UK GRIM
Sleaford Mods
Rough Trade Records

Chronique : Sleaford Mods, indignés s’entêtent

Le douzième album des Sleaford Mods adresse avec brio une nouvelle addition salée à l'Angleterre du Brexit. Avec son lot de productions irrésistibles, souvenirs d'enfance et ruminations.

«En Angleterre, personne ne vous entend crier», aboie Jason Williamson sur UK GRIM, le morceau-titre qui ouvre ce douzième album du duo de Nottingham, et rien ne résume mieux le défi que ce nouveau LP représente pour Williamson et son complice Andrew Fearn : à quoi bon gueuler encore une fois les mêmes conneries, sur les mêmes beats bon marché, pour le même public, avec les mêmes critiques contre les mêmes connards, tories incompétents, trolls d’Internet, patrons escrocs ? À quoi bon même une nouvelle chanson des Sleaford Mods, alors que, avec sa Première ministre groupie thatchérienne battue en longévité par une laitue, c’est l’Angleterre elle-même qui est devenue une chanson des Sleaford Mods ? (Liz Truss est dans les lyrics et le clip de UK GRIM).

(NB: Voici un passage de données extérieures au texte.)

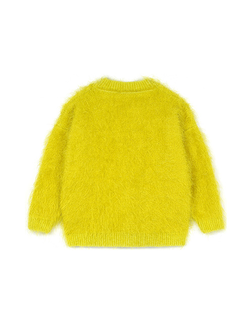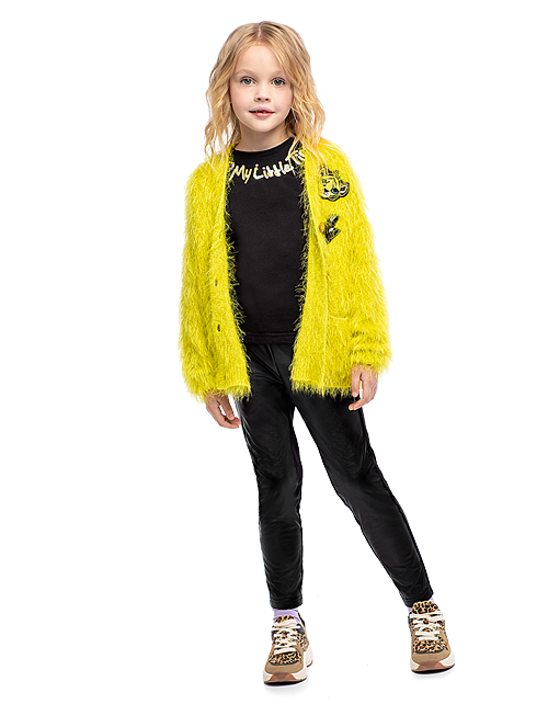 Жакет для девочки из пряжи с длинным ворсом свободного силуэта имеет застежку на пуговицах, два накладных кармана и нашивки в виде тигренка и молнии. Приятная к телу пряжа и свободный стиль изделия гарантируют комфорт в носке.

Un autre groupe aurait déjà baissé les bras. Ou changé de style. Pas les Sleaford Mods. Derrière ses machines, Andrew Fearn n’a pas encore épuisé tout son réservoir de productions irrésistibles, de la ligne de basse élastique de UK GRIM aux beats made in 1984 de Rhythms of Class, en passant par le piano italo-house de Apart from You ; et si plusieurs titres ressemblent davantage à la bande-son frénétique d’un jeu Nintendo vintage (Pit 2 Pit, Tory Kong), Fearn sait aussi ralentir les choses pour créer des ambiances plus méditatives, comme sur Smash Each Other Up ou I Claudius, permettant à son complice de se faire plus personnel, sans cesser d’être sarcastique.

Car si Williamson continue à déverser sa bile sur l’état de son pays ravagé par le Brexit, la xénophobie et la nullité de ses gouvernants, il parsème aussi ses éructations de souvenirs d’enfance, d’évocations de son âge, de références télévisuelles et cinématographiques (films de guerre de série B, péplums, King Kong), tout en continuant à faire surgir de ses mots des images aussi prosaïques que saisissantes («J’ai vu le père Noël avec un paquet de chips (il mange ça ? vraiment ?)», sur I Claudius). Mais sur UK GRIM, la meilleure preuve de la vitalité de l’art vulgaire des Sleaford Mods réside certainement dans ses titres en collaboration, Perry Farrell sur So Trendy et, surtout, Florence Shaw (la chanteuse des Dry Cleaning) sur Force 10 from Navarone, qui se coule parfaitement dans le flot logorrhéique du duo. En ce début d’année 2023 aussi déprimant que l’année 2022, vous n’entendrez pas grand-chose de mieux que la voix grave de Florence Shaw susurrer des mots orduriers et des histoires de blob vert sur une cavalcade électronique signée Andrew Fearn. Honneur aux Sleaford Mods : they did it again.